Introduction

This short post covers getting data from Twitter and making a simple histogram visualization. The code relevant to this project can be found on my Github.

Getting Twitter Data through twitteR

There is a great package called twitteR that allows R to interact with the massive data store of Twitter. First, we need to authenticate our session; I have already done the authentication process using ROAuth, which I’ll load here.

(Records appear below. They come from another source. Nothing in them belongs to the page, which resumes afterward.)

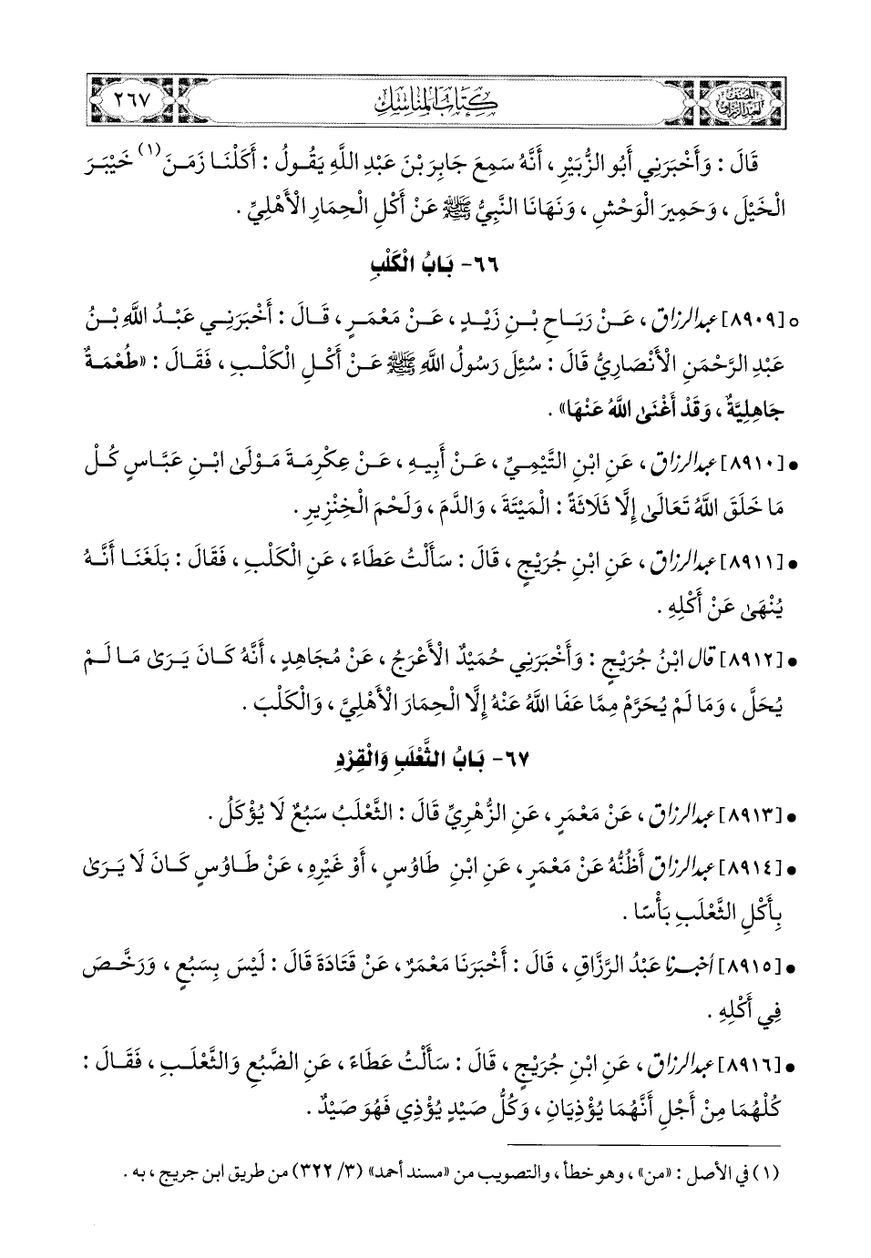 8909- عبد الرزاق، عَن رَبَاحِ بْنِ زَيْدٍ، عَنْ مَعْمَرٍ، قَالَ: أَخْبَرَنِي عَبدُ اللهِ بن عَبدِ الرَّحْمَنِ الأَنْصَارِيُّ قَالَ: سُئِلَ رَسُولُ اللهِ صَلَّى اللهُ عَلَيْهِ وَسَلَّمَ عَنْ أَكْلِ الْكَلْبِ؟ فَقَالَ: طُعْمَةٌ جَاهِلِيَّةٌ، وَقَدْ أَغْنَى اللهُ عَنْهَا.
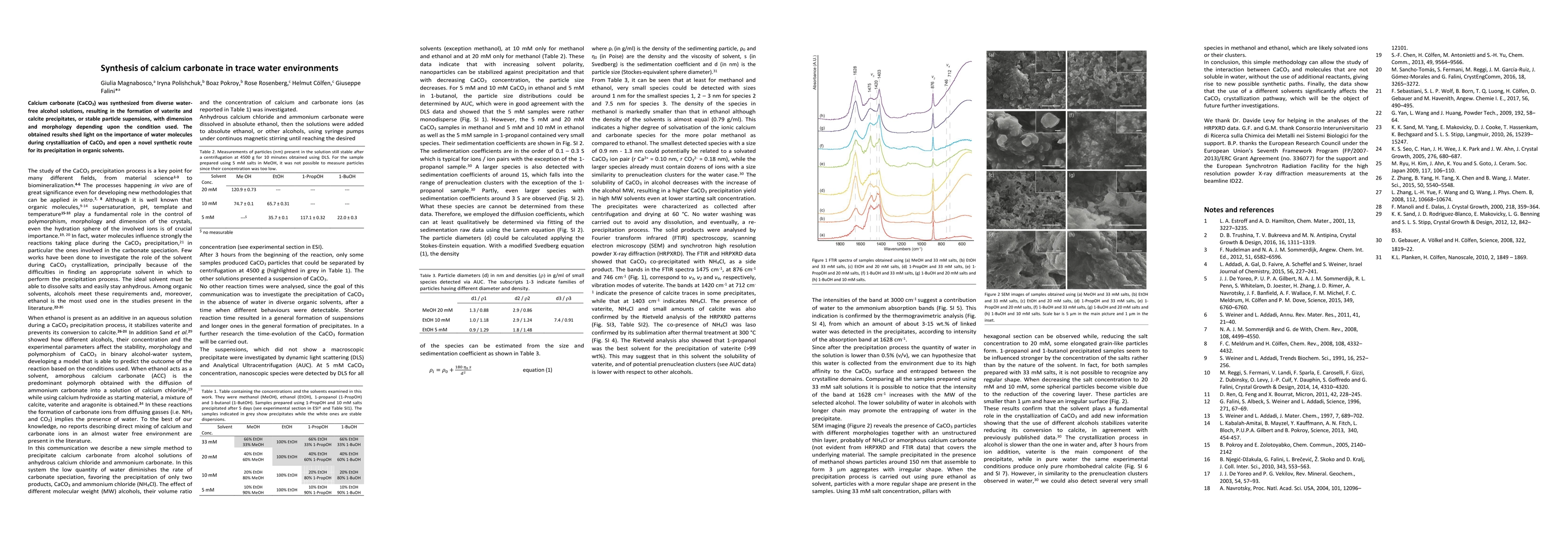 Calcium carbonate (CaCO3) was synthesized from diverse water-free alcohol solutions, resulting in the formation of vaterite and calcite precipitates, or stable particle supensions, with dimension and morphology depending upon the condition used. The obtained results shed light on the importance of water molecules during crystallization of CaCO3 and open a novel synthetic route for its precipitation in organic solvents.
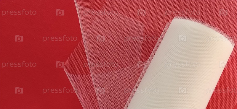 Ткань - белая сетка в рулоне на красном фоне. Нейлоновая лента для завязывания бантиков на волосах. Моток тюлевой ткани. Копировать пространство
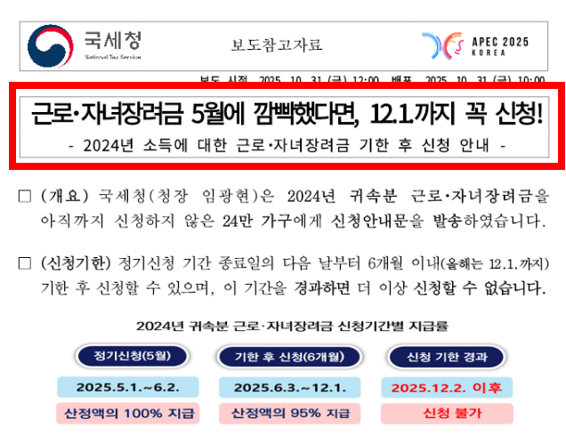 → 이 시기에 신청하면 다음 해 9월 전에 지급됩니다. - 반기신청

load('twitter_authentication.Rdata')

Now, we can start interacting with Twitter once we load the twitteR package and register the OAuth credentials to the R session.

library('twitteR')
registerTwitterOAuth(cred)
## [1] TRUE

We can finally search for the tweets that @BillGates has sent out by using the following code:

tweets.from.billgates <- twListToDF(userTimeline('BillGates', n = 3200, 
                                                 cainfo = 'cacert.pem'))
nrow(tweets.from.billgates)
## [1] 830

Cool, we have gathered 830 tweets from @BillGates! Here’s a histogram of the favorite counts for his tweets:

hist(tweets.from.billgates$favoriteCount, main = "Tweets by @BillGates", breaks = 25,
     xlab = "Number of times tweet was favorited", ylab = "Count", col = "black")

Thanks for reading, and happy Twitter mining!